Da quando li “conosco”, e vale a dire da “Sleeping in the traffic pt. I” (mentre ammetto di sapere poco della loro produzione precedente), ho sempre considerato i
Beardfish come un gruppo praticamente “perfetto” per i più puristi tra gli appassionati di rock progressivo.
Gli svedesi sembrano, infatti, il prototipo della formazione tecnicamente impeccabile, attenta a onorare con dovizia alcuni dei principali protagonisti dell’epoca aurea del genere, aggiungendo al quadro complessivo un moderato contributo proprio di “libera creatività” atto ad evitare un approccio troppo sottomesso e dipendente pur senza sovvertire inopinatamente le “regole del gioco”, andando, magari, a contaminarsi con prospettive stilistiche in qualche modo “estranee” a questi territori, come fanno ad esempio i seguaci di quel suono che viene talvolta definito
neo-prog o addirittura, in altri casi, identificato come un particolare tipo di
alternative-rock.
Queste considerazioni non vogliono affatto essere una critica “inappellabile”, anche perché personalmente li ritengo uno dei nomi “nuovi” più interessanti di questo specifico panorama musicale, ma desiderano solamente porre l’accento su un’attitudine che di veramente
progressivo ha ormai pochino e si limita ad un’eventuale ricerca d’innovazione e d’evoluzione all’interno dei confini stessi del fenomeno musicale, per quanto essi siano ampi e variegati.

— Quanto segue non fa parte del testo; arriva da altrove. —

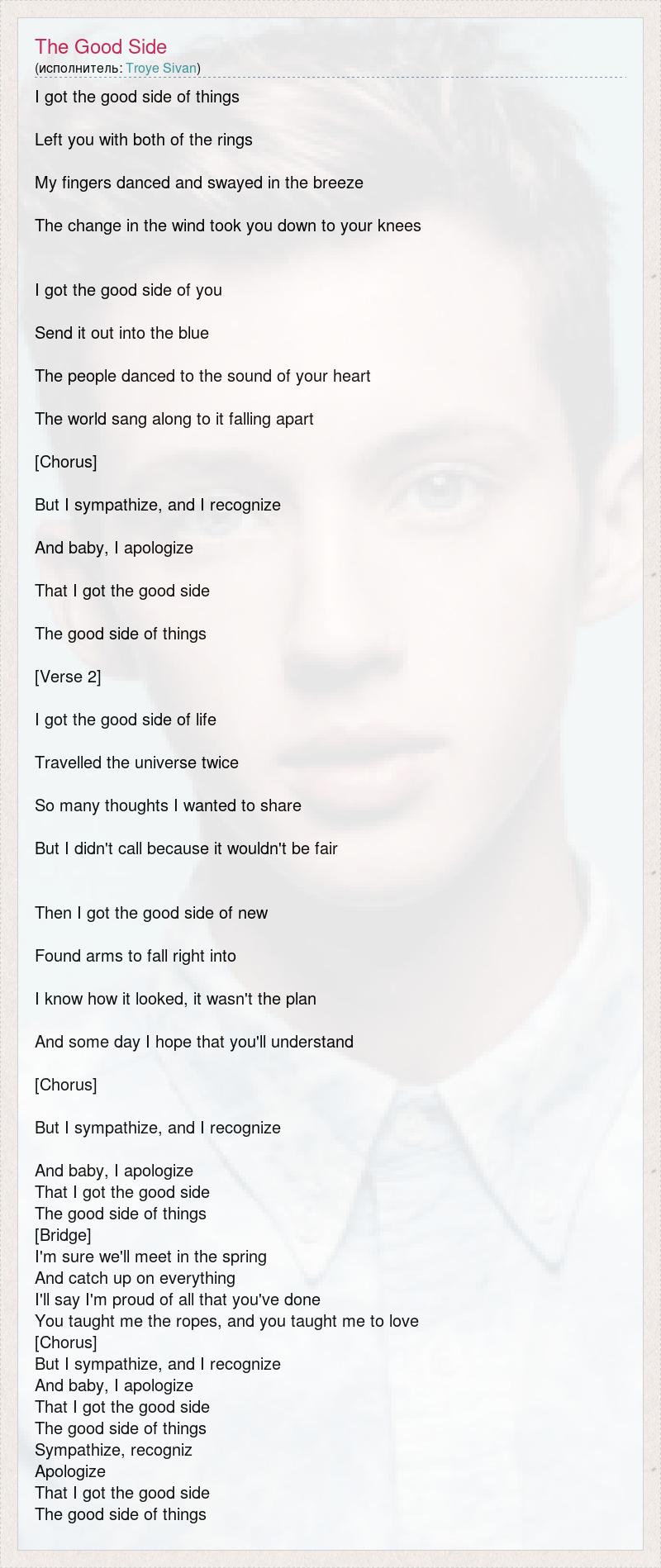 А как ты думаешь, о чем песня "I got the good side of things" ?

Insomma, anche in questo “Destined solitarie” ritroviamo richiami alla scuola di Canterbury (tra l’altro mai riconosciuta dai suoi fondatori!), ai grandi del rock britannico dei seventies (nelle sue varie forme espressive: granitico, romantico, nervoso, inquieto, imprevedibile e psichedelico), ai timbri sarcastici del jazz-rock americano e alle leggiadre entità del folk nordeuropeo, in una girandola di fulminei flashback che, durante l’ascolto, rievocano le “antiche” immagini di Genesis, Gentle Giant, Yes, Pink Floyd, Soft Machine, Uriah Heep, Zappa, Jethro Tull, Caravan, o quelle più “moderne” di Flower Kings, Spock’s Beard, Echolyn e IQ, tra i migliori epigoni, proprio come gli stessi Beardfish, di quell’indimenticabile pletora di maestri.
Il disco è assai piacevole e suggestivo, riesce ad evitare i “freddi” perfezionismi formali grazie ad una notevole componente emozionale e ad una spiccata sensibilità melodica, in grado di soddisfare anche le esigenze di quei musicofili meno avvezzi alle situazioni più sperimentali e d’avanguardia, senza perdere di vista la vitalità (persino veemente, nel simil-growl vocale della title-track!) e la necessaria intensità.
La
musicalità dei quattro scandinavi è ancora una volta da valutare come significante valore aggiunto della loro performance, costantemente fluida nel cangiante svolgimento e piuttosto lucida nella trasposizione in note delle idee, per un programma che nonostante l’estesa durata (quasi settantasette minuti!) si ascolta con gusto e scorre gradevolmente, in equilibrio tra fantasia, virtuosismo, prontezza e sentimento.
Mentirei, se non ammettessi che, a questo punto della loro carriera, mi sarei aspettato un ulteriore “salto di qualità”, un incremento di personalità nella visione artistica di un gruppo molto preparato e intelligente che forse ha “soffocato” un po’ la propria ambizione “evolutiva” per rispettare la sua dedizione nei confronti dei “classici” e tuttavia credo proprio che ci si possa “accontentare” delle virtù dei Beardfish, ideali per i progsters meno interessati “all’innovazione” e lodevoli per tutti gli amanti della buona musica non banale.